> What needs to be done
From the line containing "Number(s) | essv6911286" through the end of the material below, output each line exactly as written, with pictures excluded.

(Beginning of Exercise data)

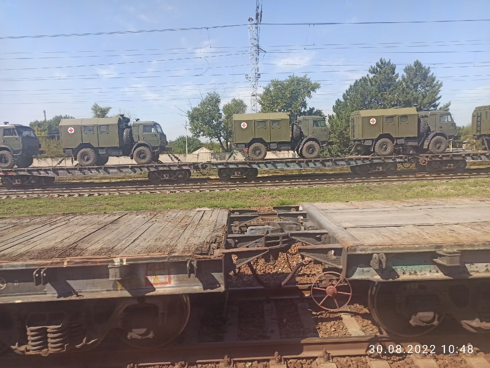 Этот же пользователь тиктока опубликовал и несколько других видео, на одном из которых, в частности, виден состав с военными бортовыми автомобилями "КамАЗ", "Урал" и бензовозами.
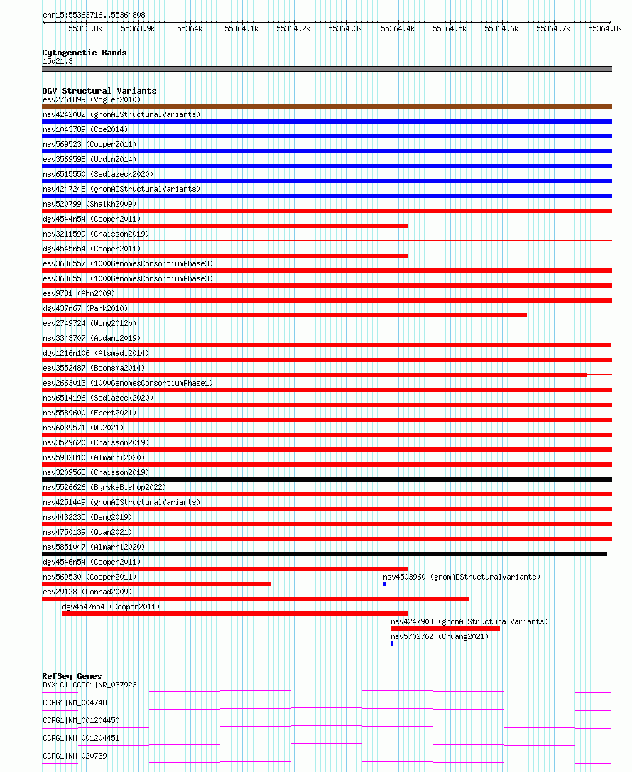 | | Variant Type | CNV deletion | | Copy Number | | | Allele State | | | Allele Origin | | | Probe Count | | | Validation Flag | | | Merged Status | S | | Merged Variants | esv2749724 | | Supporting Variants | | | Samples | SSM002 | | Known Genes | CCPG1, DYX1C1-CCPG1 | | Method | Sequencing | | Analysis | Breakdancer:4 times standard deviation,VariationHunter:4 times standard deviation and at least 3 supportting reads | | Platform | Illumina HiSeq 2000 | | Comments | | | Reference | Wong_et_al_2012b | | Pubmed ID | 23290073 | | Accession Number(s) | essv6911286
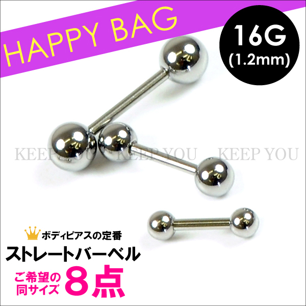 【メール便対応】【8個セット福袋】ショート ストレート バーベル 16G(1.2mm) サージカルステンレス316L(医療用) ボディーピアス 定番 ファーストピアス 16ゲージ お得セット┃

(End of Exercise data)

> Output
 | | Variant Type | CNV deletion | | Copy Number | | | Allele State | | | Allele Origin | | | Probe Count | | | Validation Flag | | | Merged Status | S | | Merged Variants | esv2749724 | | Supporting Variants | | | Samples | SSM002 | | Known Genes | CCPG1, DYX1C1-CCPG1 | | Method | Sequencing | | Analysis | Breakdancer:4 times standard deviation,VariationHunter:4 times standard deviation and at least 3 supportting reads | | Platform | Illumina HiSeq 2000 | | Comments | | | Reference | Wong_et_al_2012b | | Pubmed ID | 23290073 | | Accession Number(s) | essv6911286
 【メール便対応】【8個セット福袋】ショート ストレート バーベル 16G(1.2mm) サージカルステンレス316L(医療用) ボディーピアス 定番 ファーストピアス 16ゲージ お得セット┃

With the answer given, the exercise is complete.